# How to snow board in the trees (glades)



## Guest (Dec 23, 2009)

I went to jay peak this week end and had a blast. The best part was the glades but I found my self taking many dirt naps =p. I actually even got a huge chunk of the nose of my banana on the bottom broke off from a rock or stomp.

Any ways just looking for some tips on riding glades.

I had a few successful runs through the glades but would like to get better at it?

It seems you have to go fast because there is no room to carve you kinda of blast through? While trying to dodge trees and go over massive rocks and cliffs. I know regular carving down groomers its bad to swing your back foot around when turning but it seems like in order to carve at all in the deep snow you have to kinda whip the whole board around, is this right?


----------



## Mysticfalcon (Nov 27, 2007)

Wolfie makes some good points. Another one is to traverse more. Try to find a line where you can traverse a long long way so rather than making lots of 180 degree turns you instead just make lots of slight turns. that will keep you from tireing out as quickly. Straightlining with lots of quick turns works good for skiers and boarders that are good in the glades but it takes a lot of practice. Its just like regular riding. You didnt start out straightlining the trails did you? Glades are like learning to ride all over again so its best to start with the basics. 
I just have to repeat this: Look between the trees!!! You body goes where you are looking weather or not you want it to. If you look at the trees you will have bruises. I know Ive gotten plenty that way. 

If you ever go back to Jay Peak then let me know. I ride there every weekend so I know all the glades well. Im far from an expert but I can get you pointed in the right direction and help you get used to the trees a little bit.


----------



## Zee (Feb 21, 2008)

I love glades!

It's already been said, but can't be stressed enough, don't look at the trees. Looks past them to where you want to go. 

You have to think a lot more when riding in trees, you are constantly choosing re assessing your line.

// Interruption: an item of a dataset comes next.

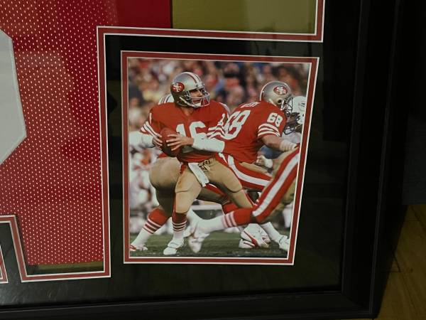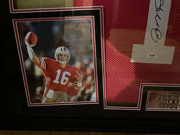Framed and SIGNED Joe Montana 49ers jersey. Includes COA from PSA/DNA.

This differs from an open slope where you can just follow the fall line making turns.


----------



## earl_je (Oct 20, 2009)

Just be carefull with tree wells, other than that, what everyone else said already.


----------



## Mr. Polonia (Apr 5, 2009)

well its also smart to have a shorter board for faster and better turning


----------



## Mysticfalcon (Nov 27, 2007)

Mr. Polonia said:


> well its also smart to have a shorter board for faster and better turning


That is very oriented to how you ride the trees. I ride a 162 or 166 in the trees for the float and the extra edge.
Short is nice for the quick turning but I find that the extra edge and extra float is more helpful once speed starts picking up.


----------



## Mr. Polonia (Apr 5, 2009)

shit i would kill myself on a 166 in the trees.


----------



## Mysticfalcon (Nov 27, 2007)

There are days when riding a shorter board in the trees would kill me. I need a lot of edge for those emergency braking manuvers.


----------



## david_z (Dec 14, 2009)

dannyd said:


> It seems you have to go fast because there is no room to carve you kinda of blast through? While trying to dodge trees and go over massive rocks and cliffs. I know regular carving down groomers its bad to swing your back foot around when turning but it seems like in order to carve at all in the deep snow you have to kinda whip the whole board around, is this right?

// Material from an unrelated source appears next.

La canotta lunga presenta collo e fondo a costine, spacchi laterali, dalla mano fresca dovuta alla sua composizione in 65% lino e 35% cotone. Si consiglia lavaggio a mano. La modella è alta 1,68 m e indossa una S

I ride a 163 through the occasional glade... it's a good time to get away from corduroy & parks. You're on to something here, because a snowboard is not a boat, and the tail of the board is not a rudder for that un-boat. You should never "swing your back foot around" when making turns. 

Someone else mentioned a more proper technique similar to the skiers hop-turns. That's what I do when there's not room to maneuver, and with 163cm that's much of the time. If you get good at that technique (shifting weight + breaking quickly + "hopping"), you'll find you can take a snowboard through a mogul field (talk about a leg workout!).


----------



## david_z (Dec 14, 2009)

earl_je said:


> Just be carefull with tree wells, other than that, what everyone else said already.


that's twice now that I've tried to squash the bug that is your avatar. +1 to you.


----------



## slanteye (Dec 26, 2008)

hey hate to hijack but I just started my 3rd season and would really like to ride somewhere with some trees, is jay peak the closest mountain to nyc with glades?


----------



## earl_je (Oct 20, 2009)

david_z said:


> that's twice now that I've tried to squash the bug that is your avatar. +1 to you.


yeah, you instinctively squish the monitor screen!:laugh: saw my wife doing that once when I was browsing and she needed the computer, pretty hilarious :thumbsup:


----------



## Slinky (Nov 11, 2009)

what are Glades? are those the things you plug in for the nice aroma?


----------



## mr_____awesome (Jan 9, 2013)

Slinky said:


> what are Glades? are those the things you plug in for the nice aroma?


LOL, yep the air fresheners, haha


----------